Recently, Japanese lawmakers enacted a law providing flexibility to new fathers while seeking paternity leave. In India, ever since Captain Virat Kohli informed his decision to take paternity leave, social media stormed with debate and opinions. Increased attention to paternity leave and its benefits is the need of the hour to reduce the social stigma around it and make it mainstream.
Present Status of Paternity Leave in India
While there is no legal provision of mandatory paternity leave in India, under Central Civil Services Rules (1972), the male employee can seek 15 days off before or within six months of delivery of a child. It is interesting to note, this provision extends to the cases where children are adopted. The leave is paid leave with the same salary last drawn before proceeding for paternity leave.
In 2017, the Paternity Benefit Bill was introduced in Loksabha, mandating 15 days of leave extendable up to 3 months. The bill was proposed to recognize the equal role of fathers in childcare, and allowing them time to bond with a child without compromising on providing for the family.
Recently, the central government announced that single male government employees who are single parents raising a child are entitled to ‘Child Care Leave’. Earlier this provision was only applicable to women employees.
As of now, the private sector in India has no legalization for paternity leave. Despite no mandatory provisions, in 2009 Chandra Mohan Vs N.K. Bagrodia Public School Case, Delhi High Court passed a judgment that allows paternity leave in private schools. While this judgment did not go ahead to pioneer the policy change, it does stand to show that there have been fractions in India to give men the opportunity to bond with newborns. Lack of legalization in the private sector has made paternity leave open to interpretations by individual companies.
Need of the Hour
The benefits of paternity leave will go beyond breaking patriarchy and gender stereotypes. We need to change the traditional system where women are considered primary caregivers. Though it is a mother who gives birth, fathers are expected to be present emotionally and physically for both child and mother.
The Maternity Benefits Act serves as a shield for working women, providing them with an adequate route to manage personal and professional commitments. The legalization of similar lines for paternity leave will pave way for social change.
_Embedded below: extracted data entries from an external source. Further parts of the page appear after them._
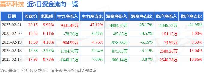 摘要: 消息,嘉環(huán)科技2月21日漲停收盤,收盤價(jià)20.15元。該股于9點(diǎn)30分漲停,未打開漲停,截止收盤封單資金為8819.24萬(wàn)元,占其流通市值5.02%。2月21日的資金流向數(shù)據(jù)方面,
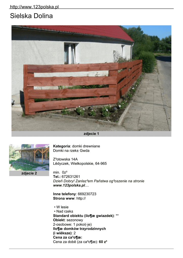 http://www.123polska.pl Sielska Dolina zdjecie 1 Kategoria: domki drewniane Domki na rzek± Gwda Z³otowska 14A Lêdyczek, Wielkopolskie, 64-965 zdjecie 2 min. 0z³ Tel.: 672631261 Dzieñ Dobry! Zanlaz³em Pañstwa og³oszenie na stronie www.123polska.pl.... Inne telefony: 669230723 Strona www: http:// • W lesie • Nad rzek± Standard obiektu (ilo¶æ gwiazdek): ** Obiekt: sezonowy 2-osobowe: 1 pokoi(-je) Ilo¶æ domków trzyrodzinnych (i wiêksze): 2 Cena za ca³o¶æ: Cena za dobê (za ca³o¶æ): 60 z³ http://www.123polska.pl Ca³kowieta ilo¶c miejsc noclegowych: ok. 8 Cena za osobê (w SEZONIE): Wy¿ywienie: • Mo¿liwo¶æ zorganizowania obiadów (w innym obiekcie) • Aneks kuchenny w pokojach/domkach Na terenie obiektu: • dostêp do internetu • grill • miejsce na ognisko • mo¿liwo¶æ przechowania rowerów • parking Pozosta³e: • akceptujemy zwierzêta W KA¯DYM pokoju apartamencie domku: • toaleta • tylko umywalka • aneks kuchenny • czajnik elektryczny • garnki • podstawowe naczynia • sztuæce Opis otoczenia Domki holenderskie u zbiegu rzek Gwda i Debrynka, w¶ród lasów obfituj±cych w grzyby i zwierzêta. £±cz±ce siê tu cztery czyste rzeki obfituj± w ryby. Szlaki rowerowe przy wzd³u¿ rzek i jezior. W pobli¿u: do sklepu: 0.1 km do supermarketu / marketu: 6 km szlaki turystyczne: 0.2 km restauracje / kawiarnie / bary: 0.3 km dyskoteka / dancing / klub nocny: 6 km s³u¿by medyczne: 6 km poczta: 0.1 km bank / bankomat: 6 km budka telefoniczna: 0.1 km dworzec / przystanek PKS: 0.1 km
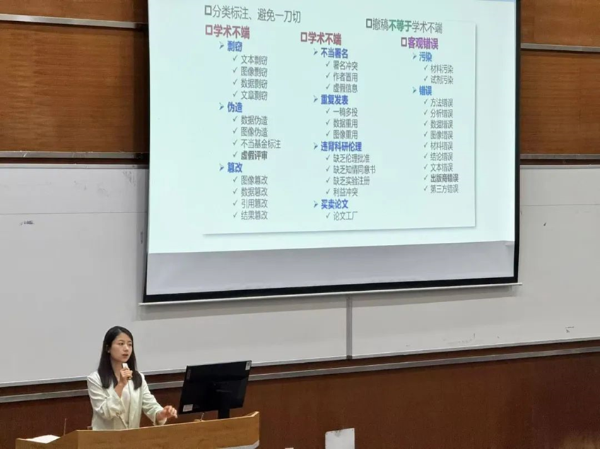 To help students recognize and prevent academic misconduct, Ms. Zhou used specific examples to analyze common violations, such as plagiarism, data fabrication, improper authorship, and duplicate submissions. To avoid such issues, she recommended respecting intellectual property, citing sources properly, and using plagiarism-checking software to ensure originality.
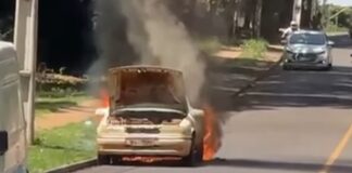 Veículo é consumido pelo fogo no centro de Engenheiro Beltrão
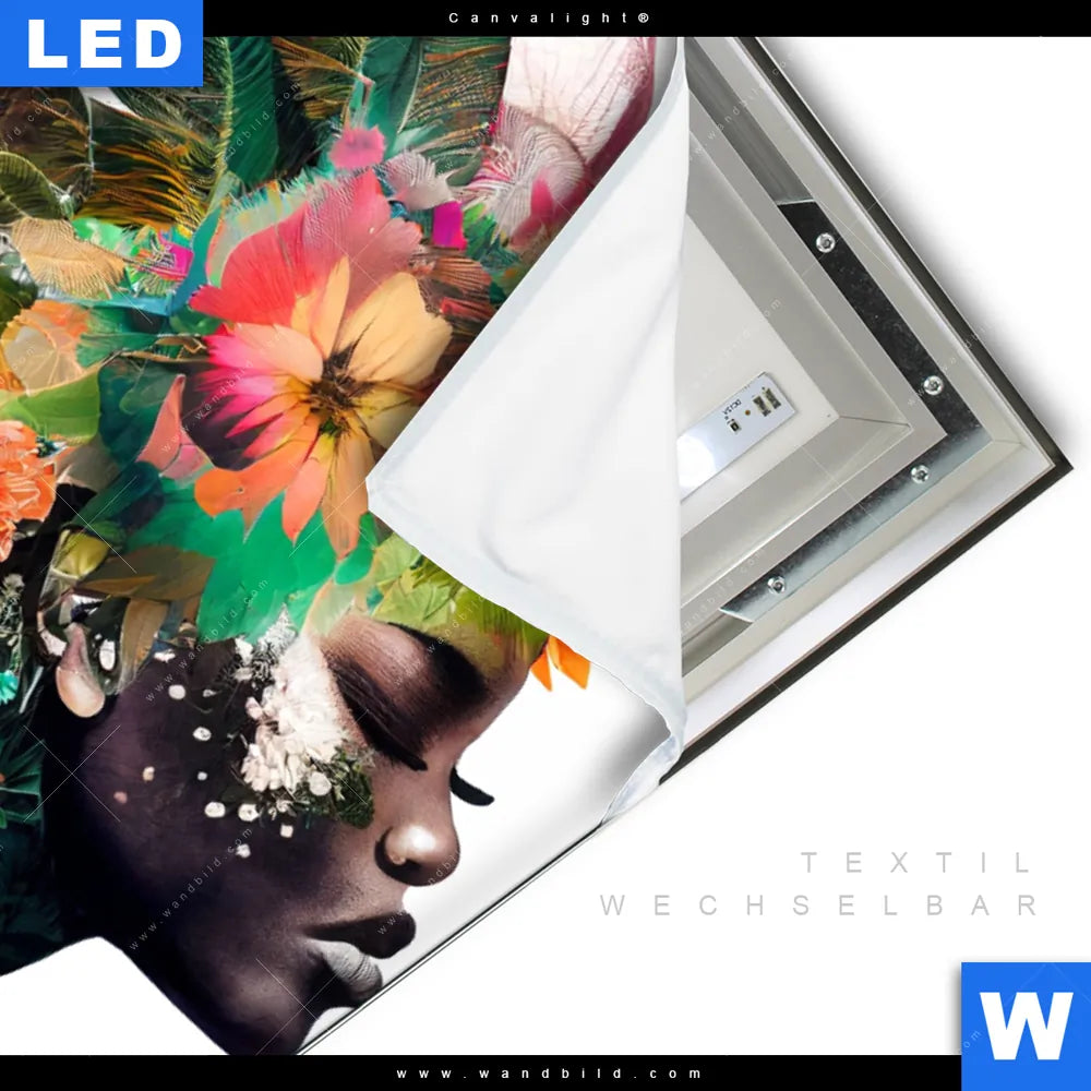 LED-Textilrahmen-Bild mit austauschbarem Porträts - Menschen, Blumen - Botanik Textil-Druck (Wechselbild)
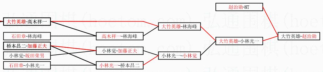 | 1.赵治勋获得冠军,大竹英雄获得亚军。决赛比分:赵治勋4:3大竹英雄。棋局: | ||
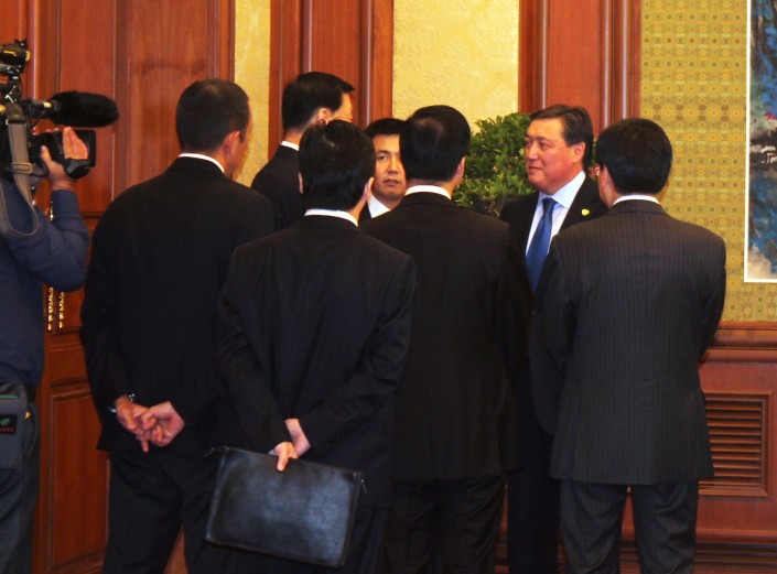 "Ни Хао", - сказал в своем приветственном слове Назарбаев на встрече c cекретарем парткома - председателем постоянного комитета Всекитайского собрания народных представителей провинции Цзянсу Лоу Чжицзюнем. На встрече присутствовали также заместитель управляющего делами парткома провинции Цзянсу, секретарь парткома города Ляньюньгана, руководитель канцелярии иностранных дел провинции Цзянсу и мэр города Ляньюньгана.
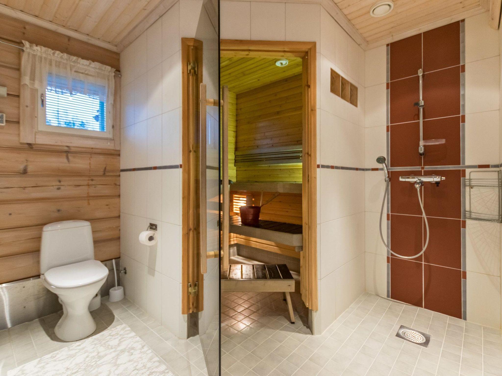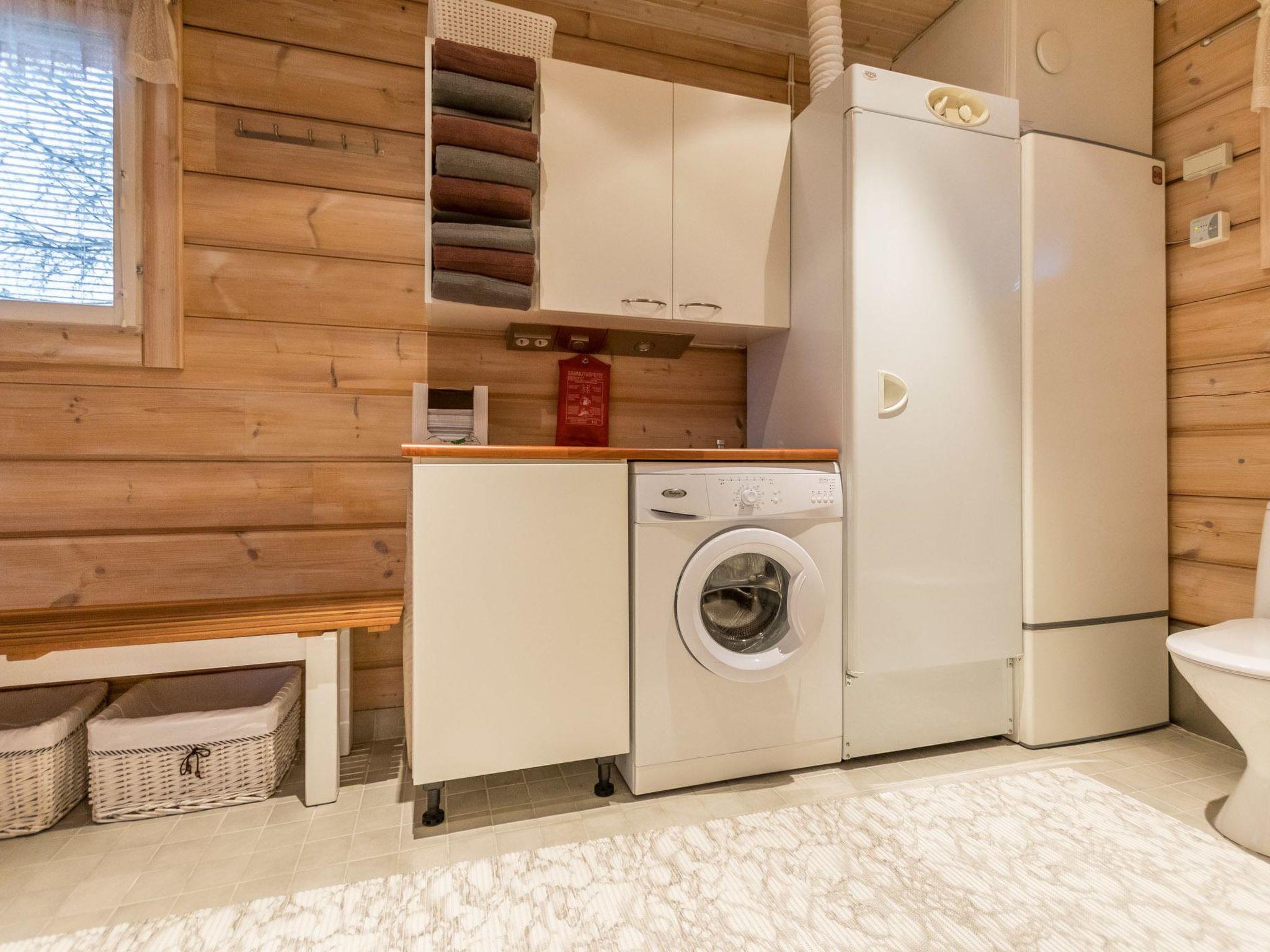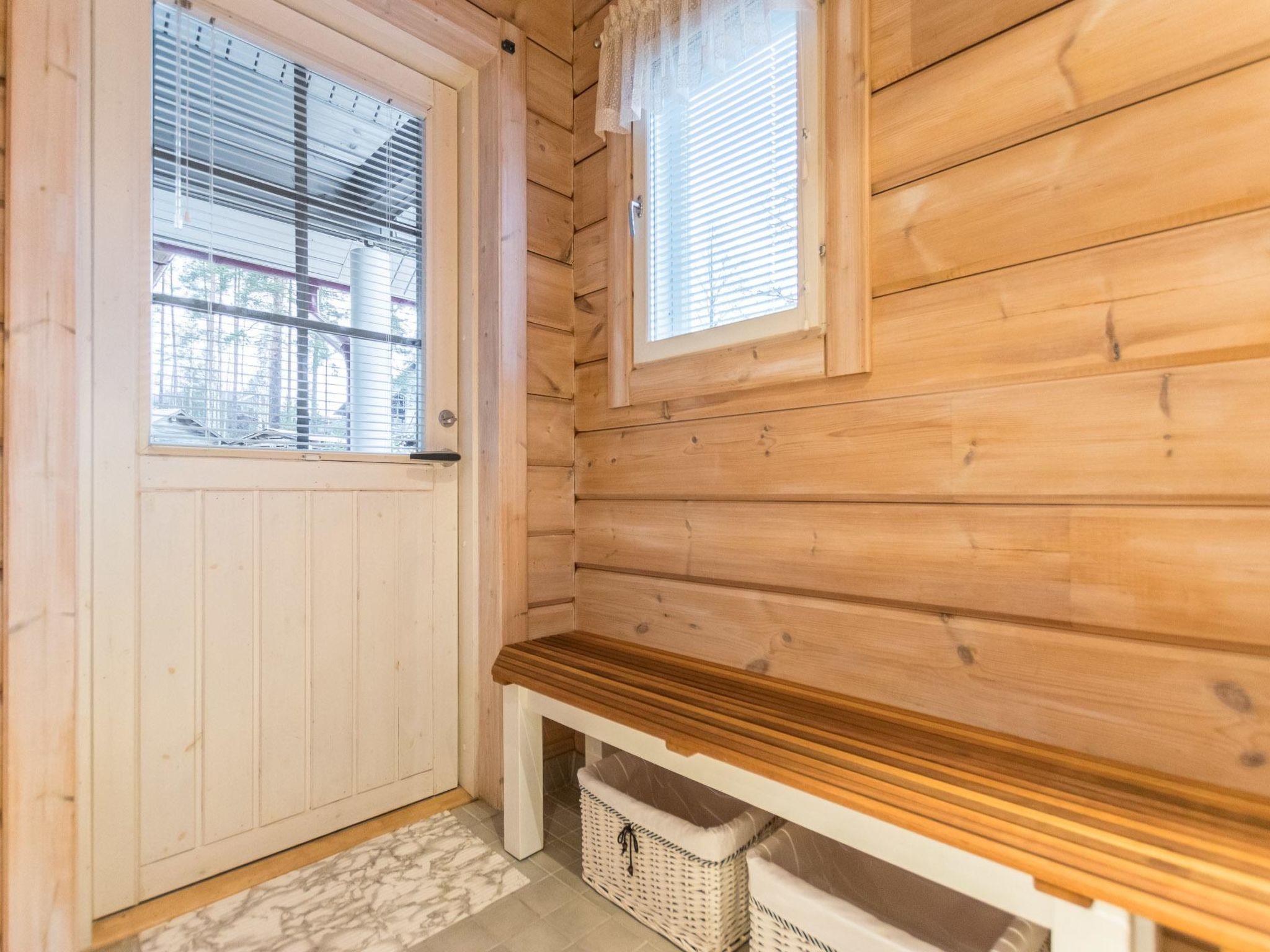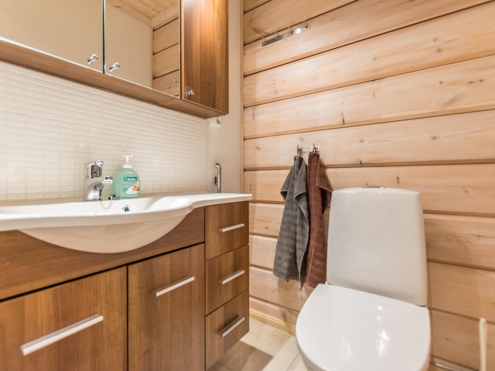 On the ground floor living room with dining group, heat reserving fireplace, sofa bed (bed size is 140 x 195 cm), TV (including Telia TV application for recording broadcasts), kitchenette, bedroom (160 x 200 cm Yankee bed), WC, sauna, washroom with toilet seat, washing machine, drying cabinet. Sleeping places for six person (80 x 200 cm spring mattress + mattress pad) in the loft (slope ceiling).

Also Read: Patriarchal Family Structure and Their Effects
Mandated Parental leave benefits all
In the Nordic countries where legal provisions for paternity leave are in place, a healthier social mindset is observed when fathers take equal participation in child care. Wife or female partner’s health too improved when their husbands and partners stayed with them during the early days of a newborn. Improves the parent-child relationship
Having provisions that allow fathers to take time off to spend with their infants will improve the chances of a meaningful relationship with both parents. Mandatory paternity leave can provide an opportunity for new fathers to spend quality time with the child and new moms without having to worry about work commitments.
Gender Equality benefits
1. It’s high time now that we as a society should stop reinforcing gender-based roles. The study shares several perks of parental leave. Traditionally Indian society considers women as default caregivers of children and men as breadwinners. That not only reinforce the gender-biased roles but also a growing child considers it to be a norm.
2. Creating an equal ground at the workplace: The mandatory maternity leave and absence of similar provisions for men turn out to hampering the female workforce as they face bias. Once paternity provisions are in place, it will level the field for both genders, leaving the employer with no choice but to provide benefits to either of the employees they hire.
3. Gender Disparity in India’s Labor Market- As per the Economic Survey 2020, the gender disparity in the labor market has widened due to reduced female participation. In the productive age group (15-59) around 60% of the female workforce is engaged in full-time domestic duties. Among all the reasons, such as attitude towards working women, sexual harassment, the gender pay gap, discrimination, safety, and motherhood, are glaring for women quitting work Lack of paternity leave provisions puts the entire burden of child-rearing on mothers. Traditionally, motherhood is expected to be above everything especially, above employment. Hence, mandated paternity leave will help in retaining new mothers at work.
MenCare, a global fatherhood campaign, released a report from Sweden where two months of paternity leave and 16 months of shared paternity leaves are offered. The report showed the months in which the father took leaves, the mother’s income was raised by 6.7%. The increase in income was way more than what women lost by taking parental leave.
In my concluding remarks, I would like to say, the parent-child relationship, the widening gap in gender disparity, discrimination at the workplace, Stereotypes about gender-bias roles, and paternity leave are complex issues. They need collective efforts from society to the government in various spheres and change in outlook and approach. Legal provisions for paternity leave will not solve all the problems, but it can be a reformatory step towards betterment.
The mandatory paternity leave in all spheres of employment will align India with global labor regulations and best practices.